WORK INSTRUCTION – Copy word for word the line containing "一方、ラボグロウンダイヤモン" together with all lines following it to the end of the listing below, without the pictures.

MATERIAL PROVIDED –
- Opening Delimiter -

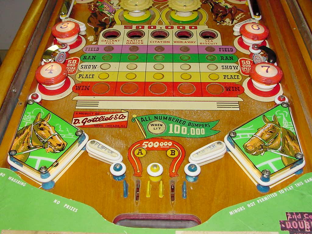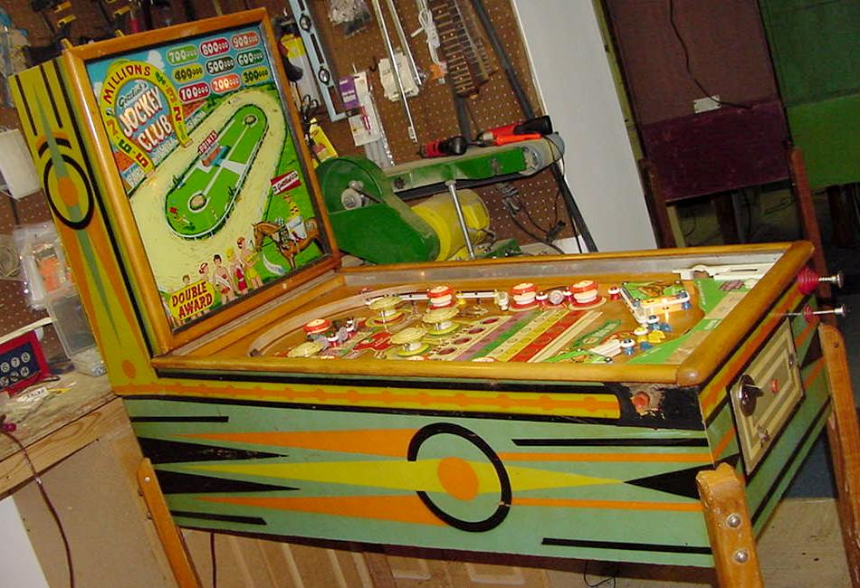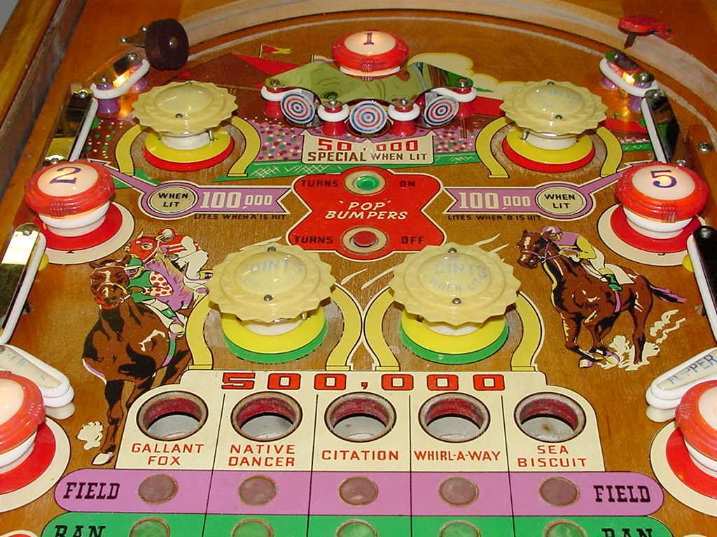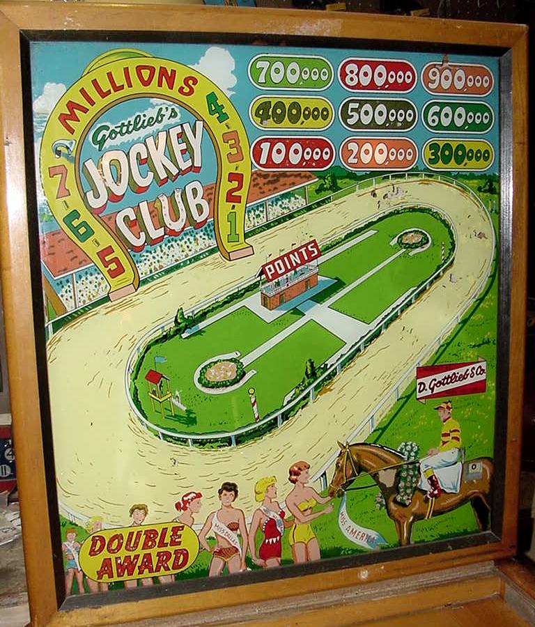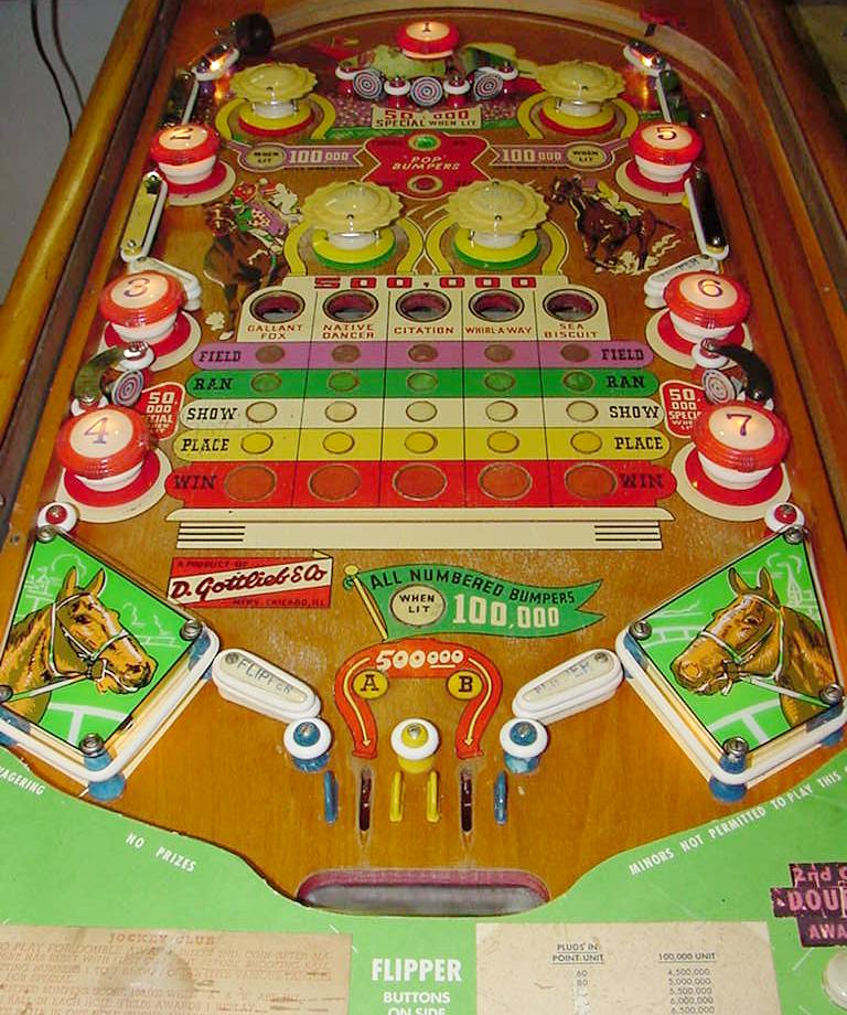 Description: Jockey Club, 4/54, 1150 produced, 5 gobble holes, double award game, woodrail pinball. Artwork by Roy Parker. To play for double award, insert a second coin after the machine has reset, but before shooting the first ball. Playing the second coin will double all awards. Replays are won multiple ways. Hitting the static bumper 1 to 7 (in order) will light the standup targets for replay (lower standups alternate via the 10k stepper, upper three standups have one lit target that rotates via 10k stepper). Interestingly, after the standups are lit for replay, the unlit standups score no points. Also the slingshots by the flippers give no points! The gobble holes also award replays. One ball in each of the five gobble holes will award one replay. Three balls in one hole (show) awards one replay. Four balls in one hole (place) awards 3 replays. Five balls in one hole awards 8 replays. Unlighting the lower A and B rollovers will make all the numbered 1-7 static bumpers worth 100k (instead of 10k), and two side bumpers worth 100k. Replays also awarded based on points (adjustable). If you have this game for sale please contact me at cfh@provide.net
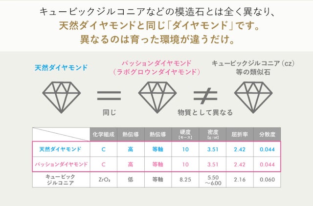 一方、ラボグロウンダイヤモンド(パッションダイヤモンド)は、天然ダイヤモンドが生まれる地中奥深くの高温高圧の環境を地上のラボ(研究所)で人の手によって作られる為、内戦や奴隷労働に無関係で、地表も傷つけることなく作り出され自然環境にもやさしく、何も犠牲を払わない「エシカル」で「サスティナブル」な『ダイヤモンド』なのです。
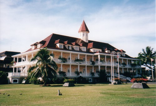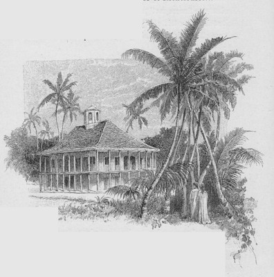(Source: C. Wesley Bird, Pierre Loti: Correspondant et dessinateur) The palace no longer exists. Here is a drawing of it that the author made during his stay in Tahiti. You can see the veranda. In 1990 the new town hall for Papeete was constructed as a replica.

- Closing Delimiter -

SOLUTION BELOW –
 一方、ラボグロウンダイヤモンド(パッションダイヤモンド)は、天然ダイヤモンドが生まれる地中奥深くの高温高圧の環境を地上のラボ(研究所)で人の手によって作られる為、内戦や奴隷労働に無関係で、地表も傷つけることなく作り出され自然環境にもやさしく、何も犠牲を払わない「エシカル」で「サスティナブル」な『ダイヤモンド』なのです。
(Source: C. Wesley Bird, Pierre Loti: Correspondant et dessinateur) The palace no longer exists. Here is a drawing of it that the author made during his stay in Tahiti. You can see the veranda. In 1990 the new town hall for Papeete was constructed as a replica.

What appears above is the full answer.